* _THE RECORDS_:
+++

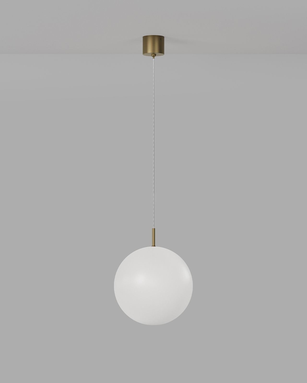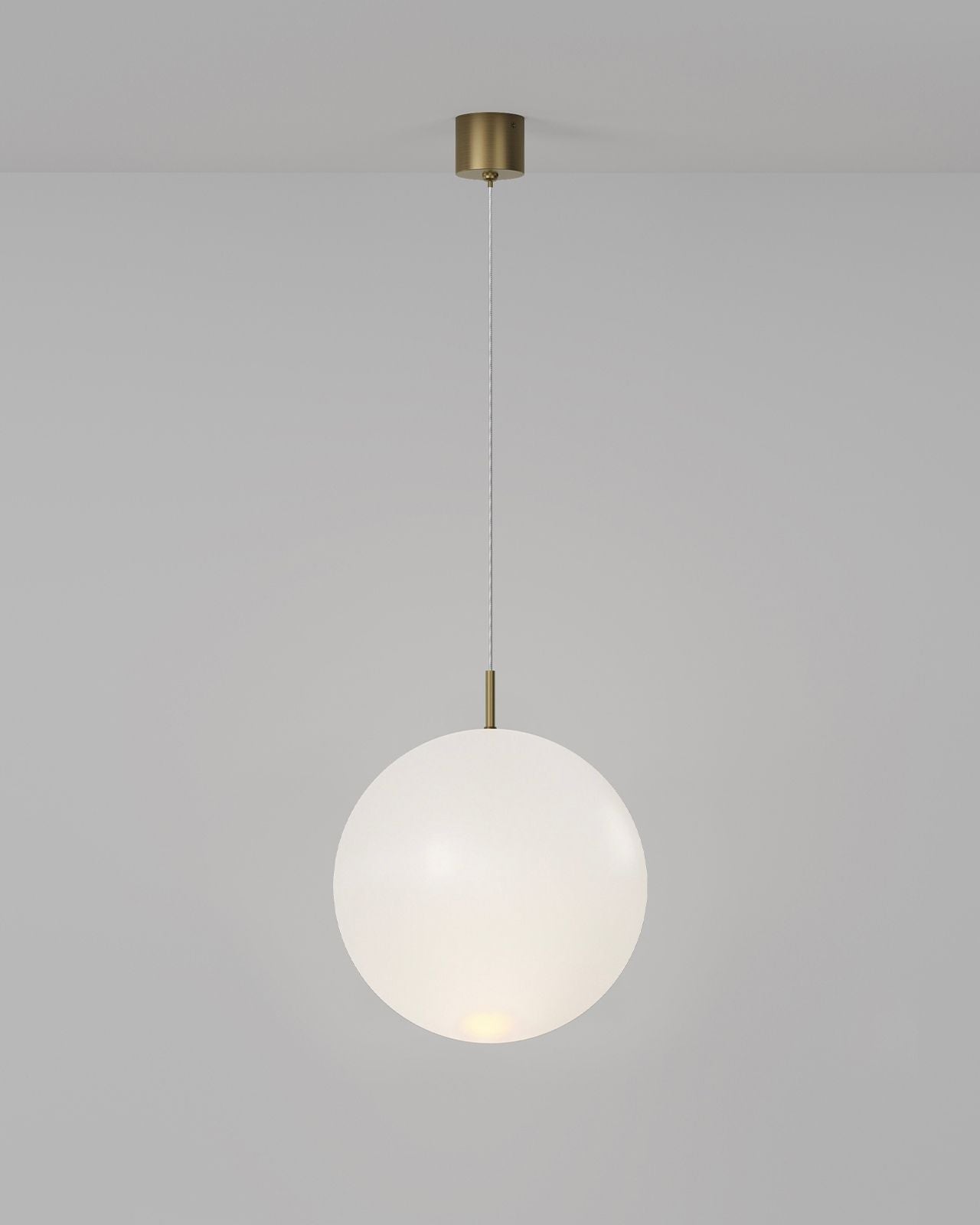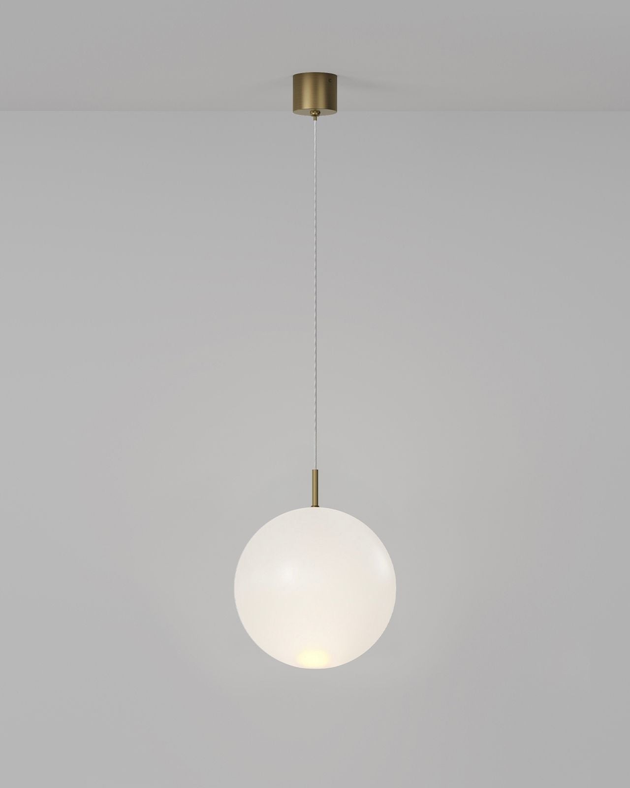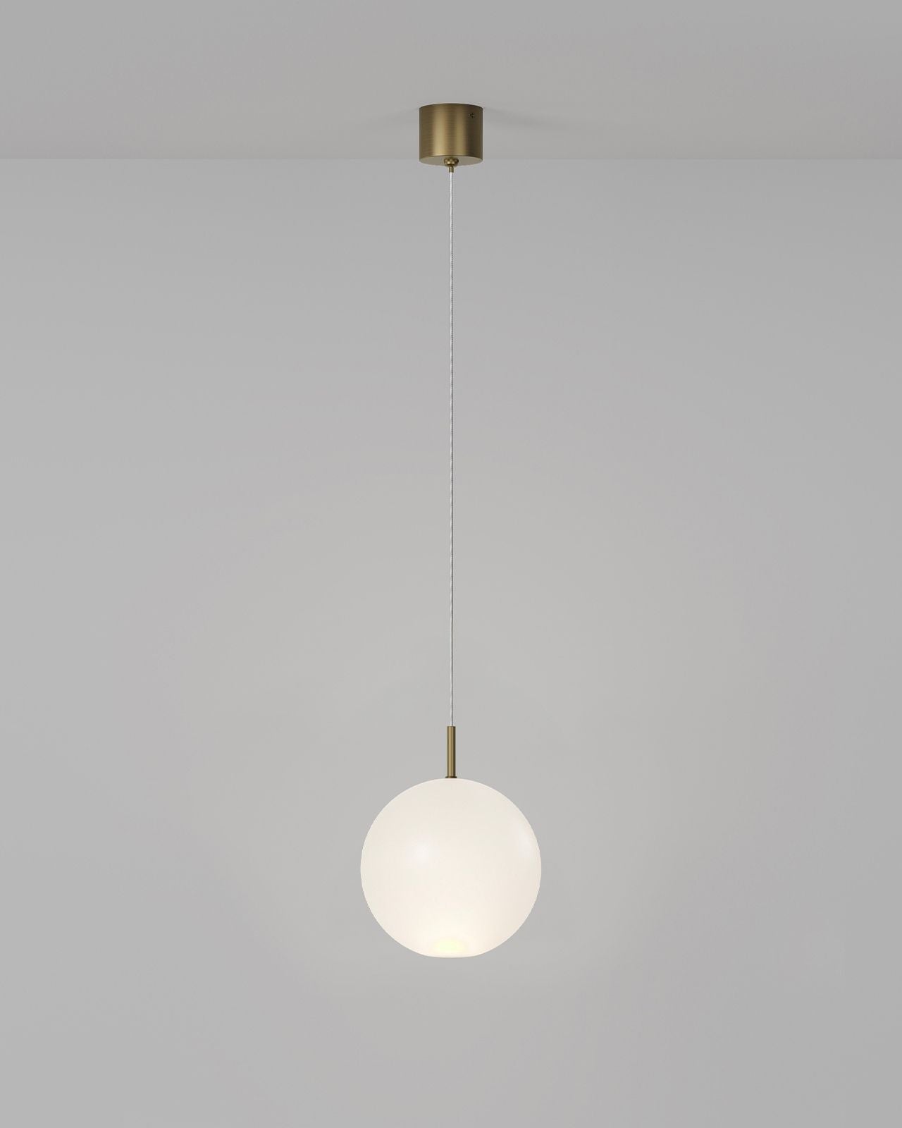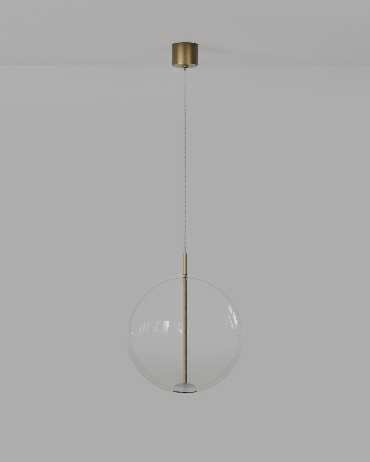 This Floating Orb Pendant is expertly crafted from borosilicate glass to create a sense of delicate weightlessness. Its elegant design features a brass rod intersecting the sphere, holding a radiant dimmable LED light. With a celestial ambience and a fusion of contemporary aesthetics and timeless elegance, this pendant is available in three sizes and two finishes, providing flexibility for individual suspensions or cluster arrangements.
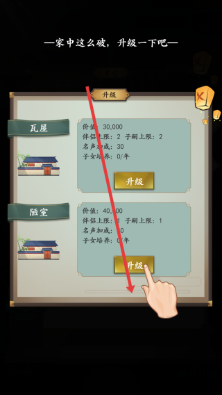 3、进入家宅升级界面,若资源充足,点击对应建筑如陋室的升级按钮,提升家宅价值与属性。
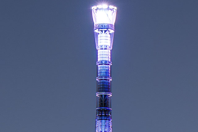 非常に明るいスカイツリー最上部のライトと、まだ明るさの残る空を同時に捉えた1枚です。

+++

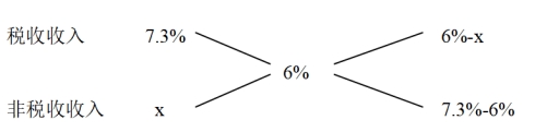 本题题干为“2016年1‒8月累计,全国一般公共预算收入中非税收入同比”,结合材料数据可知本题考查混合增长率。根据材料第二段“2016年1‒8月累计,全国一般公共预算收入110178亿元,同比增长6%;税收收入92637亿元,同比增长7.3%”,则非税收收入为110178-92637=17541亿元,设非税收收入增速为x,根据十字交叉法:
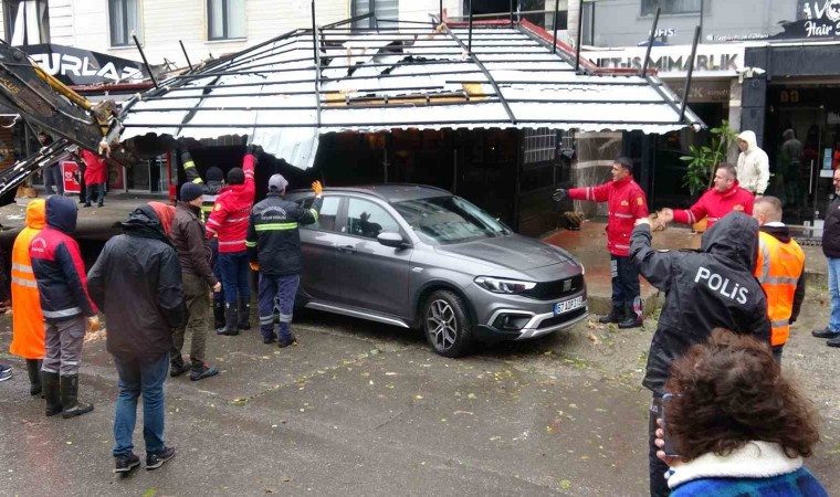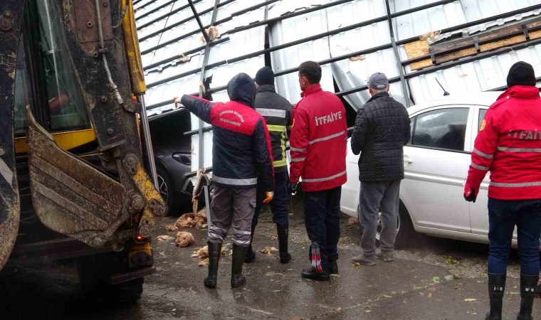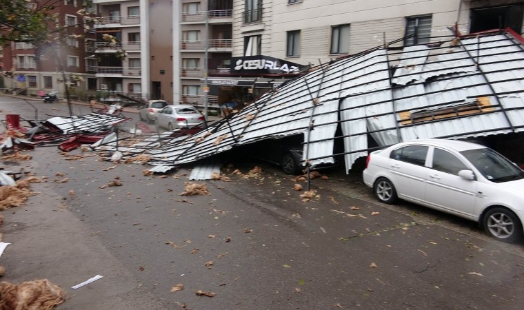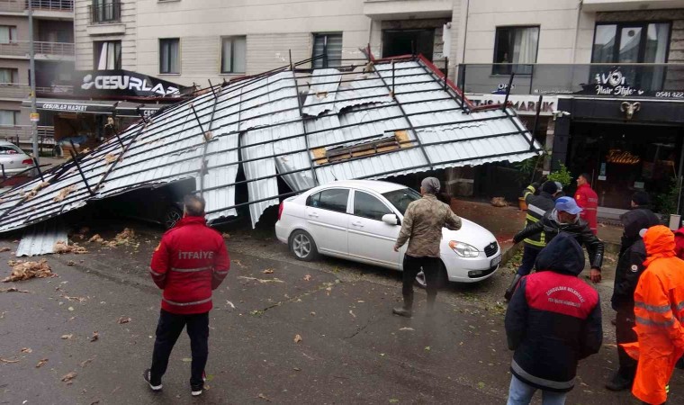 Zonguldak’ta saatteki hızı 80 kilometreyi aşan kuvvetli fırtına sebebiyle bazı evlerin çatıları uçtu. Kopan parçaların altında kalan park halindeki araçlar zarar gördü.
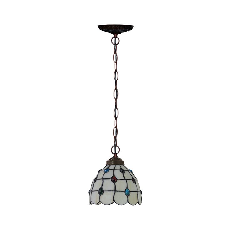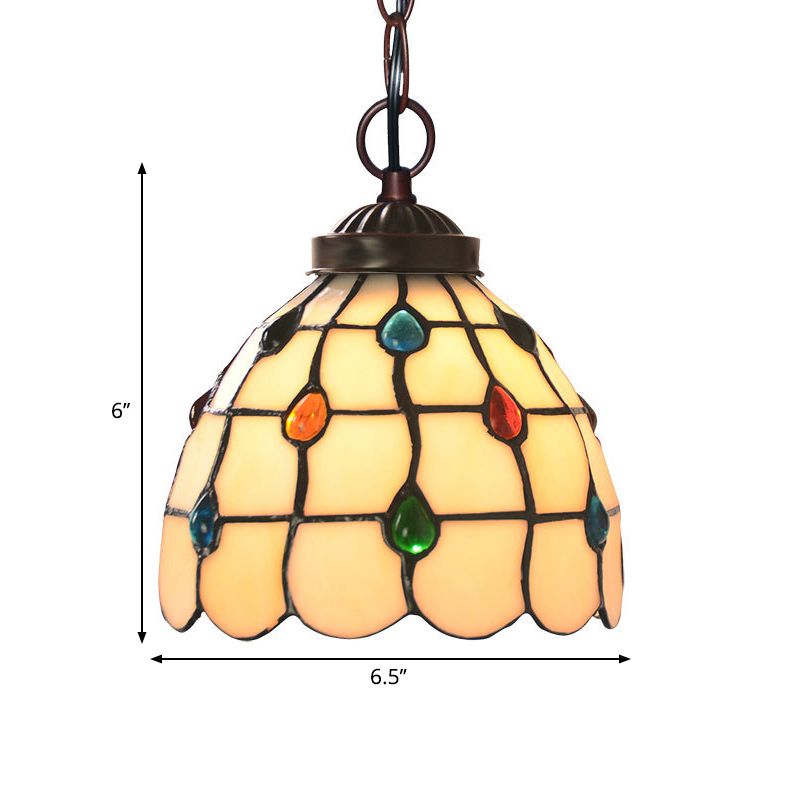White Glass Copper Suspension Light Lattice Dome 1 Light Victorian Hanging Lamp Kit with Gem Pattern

+++

* _EXERCISE BRIEF_: Give back exactly the lines above that run from the one with "3、进入家宅升级界面,若资源" to the one with "非常に明るいスカイツリー最上", including both, with the pictures left out.

* _EXERCISE RESPONSE_:
 3、进入家宅升级界面,若资源充足,点击对应建筑如陋室的升级按钮,提升家宅价值与属性。
 非常に明るいスカイツリー最上部のライトと、まだ明るさの残る空を同時に捉えた1枚です。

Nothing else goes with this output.